Task to complete
In the records below, find the line holding "天津奧體中心體育場點亮夏季達(dá)沃斯主題燈光(無人機照片,6月20日攝)。" and the line holding "TOF Paris men's". Set down both, with every line between them, exactly.

Entries supplied
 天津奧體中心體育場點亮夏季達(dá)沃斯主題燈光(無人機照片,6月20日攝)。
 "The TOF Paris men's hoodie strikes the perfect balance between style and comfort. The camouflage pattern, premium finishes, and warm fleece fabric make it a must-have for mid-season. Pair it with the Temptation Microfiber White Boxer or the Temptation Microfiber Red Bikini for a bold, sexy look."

* * *

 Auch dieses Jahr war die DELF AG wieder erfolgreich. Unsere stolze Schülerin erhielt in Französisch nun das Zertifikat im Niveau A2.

Exercise answer
 天津奧體中心體育場點亮夏季達(dá)沃斯主題燈光(無人機照片,6月20日攝)。
 "The TOF Paris men's hoodie strikes the perfect balance between style and comfort. The camouflage pattern, premium finishes, and warm fleece fabric make it a must-have for mid-season. Pair it with the Temptation Microfiber White Boxer or the Temptation Microfiber Red Bikini for a bold, sexy look."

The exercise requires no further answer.